According to Balezin, this is the first winter ascent of a 5B category route by an all-female team in Russia.
UIAA symbol route diagram.

A2
A1

| 61 | 108 | 8 | 0 | 138 | I | ||||
|---|---|---|---|---|---|---|---|---|---|
| 17 | 1 | 20 | 65 | IV | |||||
| 1 | 3 | 35 | 10 | II | |||||
| 2 | 3 | 30 | 60 | IV | |||||
| 3 | 3 | 20 | 30 | III | |||||
| 1 | 3 | 15 | 80 | IV | |||||
| 1 | 3 | 30 | 55 | IV | |||||
| 13 | 5 | 70 | 50 | IV | |||||
| 1 | 7 | 10 0 | 50 | III, IV | |||||
| :--: | :--: | :--: | :--: | :--: | :--: | :--: | :--: | :--: | :--: |
| 12 | 6 | 7 | 40 | 70 | IV | ||||
| 11 | 4 | 6 | 7 | 40 | 65 | V | |||
| 10 | 3 | 2 | 7 | 55 | 80 | VI | |||
| 9 | 10 | 10 | 8 | 35 | 90 | VI | |||
| 8 | 10 | 6 | 10 | 90 | VI+ | ||||
| 4 | 3 | 10 | 35 | 85 | VI | ||||
| 7 | 2 | 7 | 5 | 25 | 80 | V | |||
| 4 | 5 | 30 | 55 | III | |||||
| 6 | 2 | 2 | 25 | 50 | IV | ||||
| 3 | 4 | 20 | 50 | III | |||||
| 5 | 2 | 1 | 15 | 55 | IV | ||||
| :--: | :--: | :--: | :--: | :--: | :--: | :--: | :--: | :--: | :--: |
| 1 | 2 | 2 | 15 | 75 | V+ | ||||
| 2 | 4 | 10 | 90 | VI | |||||
| 3 | 4 | 10 | 80 | V+ | |||||
| 4 | 2 | 3 | 8 | 25 | 65 | V | |||
| 1 | 2 | 8 | 25 | 60 | V | ||||
| 1 | 2 | 6 | 10 | 70 | V | ||||
| 3 | 6 | 6 | 15 | 95 | VI+ | ||||
| 6 | 5 | 2 | 25 | 75 | VI | ||||
| 2 | 10 | 10 | 10 | 50 | 80 | VI+ | |||
| 1 | 1 | 4 | 2 | 10 | 70 | V | |||
| 3 | 7 | 10 | 40 | 85 | VI | ||||
| 0 |
Description by sections and tactical actions of the team. Mikhailov's route on Boks is considered one of the strongest technical 5B routes in Ala-Archa, not уступая in complexity to some 6A routes.

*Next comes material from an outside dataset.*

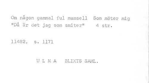 //// Om någon gammal ful mamsell Som möter mig HDå är det jag som smiter1' 4 str. //// i //// 11482, s. 1171 //// 1 i //// U L M A. BLIXTS SAML. //// '¦5 ////

August 27, 2015. Acclimatization day.
On the first day:
- Carried equipment and processed two ropes.
- The weather was clear all day, but frosty (−27 °C).
- Climbed using a simultaneous scheme.
- Processing and descent took 7 hours.
R0–R1. Up the center of the slab, along the black streak directly under the overhang. No control point (plastic bottle) was found.
First, 15 m along a system of cracks, V, 90°. Then ITO along cracks from right to left — up 25 m (VI, A1A20, 90°). Sometimes slightly overhanging.
The belay station is hanging under the overhang on 2 boxes (local) and one friend.
R1–R2. Right along the overhang (2 m) and through the overhang (1.5 m) ITO A2–A4, small and medium friends.
Behind the overhang, ITO along vertical cracks on a monolithic granite slab (15 m), A2, medium friends.
ITO A2–A3 20 m — friends medium rarely, often large.
R2–R3.
- Before the second overhang, traverse along the crack to the left (4 m).
- Get around the overhang on the left along a very wide crack (friends 4–5 sizes).
- Climb up from the overhang 10 meters.
- The station is in a full hang.
January 28, 2015
The weather is the same (clear, frost — 27). R2–R3. Up the crack to the left on medium stoppers ITO 10 m A2–A4. Then
ITO A1, 15 m, 95°. Up to two pitons — the belay station is of medium convenience (it's not possible to stand, but a positive slope has appeared). R3–R4.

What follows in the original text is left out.